«Врачи скорой у нас есть только на бумаге». Тайная и явная жизнь бюджетников. Монолог фельдшера
Люди

«Врачи скорой у нас есть только на бумаге». Тайная и явная жизнь бюджетников. Монолог фельдшера

О бахилах и бациллах, опозданиях скорой помощи и цинизме медиков.

Продолжаем проект, в котором люди, работающие на государство, откровенно рассказывают о своем истинном положении. Сегодня говорит фельдшер ростовской скорой помощи — о том, сколько и за что получает, и почему отказывается мыть руки на вызовах.

(Монолог школьного учителя о сборах денег на линолеум, издевательствах учеников и многом другом можно прочесть здесь.)


О призвании

— Фельдшером я работаю почти двадцать лет. И никем другим себя уже не вижу. Хотя в медколледж пошел просто, чтобы особенно не напрягаться; я был оболтусом в школе и супер-врачом стать не мечтал. Но так сложились семейные обстоятельства, что мне надо было начинать самостоятельную жизнь. И когда я начал учиться на фельдшера, а главное, впервые пошел на практику, вдруг понял, что мне это очень нравится. В общем, втянулся, и если бы мне предложили сегодня быть кем-то другим... нет, не захотел бы. Я здесь на своем месте.


О нехватке кадров

На вызов должен выезжать врач — с фельдшером либо с медсестрой. Но врачей на скорой в Ростове, насколько знаю я, мало — примерно 25% от необходимого числа. И в каждую бригаду посадить сегодня доктора — ну, просто нереально. И хотя во всех докладах звучит, что у нас укомплектованность скорой помощи врачами — 90%, ростовские бригады состоят в основном из фельдшера и водителя. Хотя и фельдшеров где-то 75%, нас тоже не хватает.

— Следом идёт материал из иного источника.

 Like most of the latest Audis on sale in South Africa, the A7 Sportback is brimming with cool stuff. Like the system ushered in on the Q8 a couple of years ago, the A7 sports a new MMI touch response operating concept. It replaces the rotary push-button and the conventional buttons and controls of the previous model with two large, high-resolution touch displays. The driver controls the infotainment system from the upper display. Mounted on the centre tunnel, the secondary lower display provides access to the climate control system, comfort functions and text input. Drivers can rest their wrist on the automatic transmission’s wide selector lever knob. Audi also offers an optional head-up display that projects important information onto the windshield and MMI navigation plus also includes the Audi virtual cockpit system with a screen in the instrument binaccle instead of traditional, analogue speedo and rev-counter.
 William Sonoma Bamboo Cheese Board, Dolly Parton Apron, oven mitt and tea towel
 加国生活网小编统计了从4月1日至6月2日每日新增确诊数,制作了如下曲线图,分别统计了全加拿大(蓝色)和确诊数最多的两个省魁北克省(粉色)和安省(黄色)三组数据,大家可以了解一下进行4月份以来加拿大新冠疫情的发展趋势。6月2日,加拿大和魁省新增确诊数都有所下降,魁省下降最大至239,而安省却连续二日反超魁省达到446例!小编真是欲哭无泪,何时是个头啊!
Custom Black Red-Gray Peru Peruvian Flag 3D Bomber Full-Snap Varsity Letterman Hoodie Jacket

Но для оказания скорой медицинской помощи моей квалификации достаточно. Не могу вспомнить за почти два десятка лет ни одного случая, когда бы я развел руками: «Позовите доктора, я не знаю, что делать!» Ну, и вообще, хороший опытный фельдшер лучше плохого врача.

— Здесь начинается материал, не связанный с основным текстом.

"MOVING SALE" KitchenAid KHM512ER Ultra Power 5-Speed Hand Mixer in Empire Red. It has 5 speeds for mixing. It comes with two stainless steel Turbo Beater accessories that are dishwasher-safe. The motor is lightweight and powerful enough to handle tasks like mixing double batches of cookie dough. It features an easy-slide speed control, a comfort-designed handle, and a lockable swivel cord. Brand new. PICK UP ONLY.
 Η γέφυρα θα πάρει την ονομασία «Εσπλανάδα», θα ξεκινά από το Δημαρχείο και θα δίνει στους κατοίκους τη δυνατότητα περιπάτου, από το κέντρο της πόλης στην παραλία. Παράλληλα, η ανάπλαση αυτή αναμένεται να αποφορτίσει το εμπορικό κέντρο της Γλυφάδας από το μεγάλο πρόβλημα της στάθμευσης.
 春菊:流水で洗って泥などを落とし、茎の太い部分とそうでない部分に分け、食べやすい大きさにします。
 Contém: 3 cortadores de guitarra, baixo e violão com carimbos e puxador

Гоша Куценко в роли водителя скорой, сериал «Скорая помощь», реж. Богдан Дробязко.
Гоша Куценко в роли водителя скорой, сериал «Скорая помощь», реж. Богдан Дробязко.

У нас машина скорой помощи новая, но в автопарке много старых, которые стоило бы уже дважды списать.

По моим прикидкам, в Ростове сегодня не больше 80 машин скорой. А должно быть минимум 150. Еще в советские времена была выведена такая формула: одна карета скорой помощи на 10 тысяч человек.


О зарплатах и переработках

Зарплата у нас состоит из нескольких частей. Оклад — что-то в районе 7500 рублей, сверху плюсуются доплаты за вредные условия труда, за ночную работу, стаж, категорию и коэффициент трудового участия. В зависимости от того, какой сложности был вызов: ты просто выехал по адресу, никого не нашел и вернулся на подстанцию или проводил реанимационные мероприятия — согласитесь, разное трудовое участие. В сумме у хорошего фельдшера в месяц выходит 32-35 000 рублей. У врачей зарплата немного выше, у водителей — ниже. Когда водитель только приходит на скорую, получает чуть больше 20 000, поэтому в водители к нам не рвутся.

Можно ли подшаманить коэффициент трудового участия? Можно, но я не сторонник. Во-первых, совесть задавит, а во-вторых — страх. Несколько лет назад нас пугали, что будут вводить линейный контроль: будут проверять, что было реально сделано на вызове, а что — вписано в карту. Но как такового контроля до сих пор и нет — потому что это еще один бюрократический геморрой для всех. Однако в карточках пациентов есть номера телефонов, и если захочется проверить, что на самом деле сделал доктор, то проверят запросто. Один раз попадешься на обмане — потом вовек не отмоешься.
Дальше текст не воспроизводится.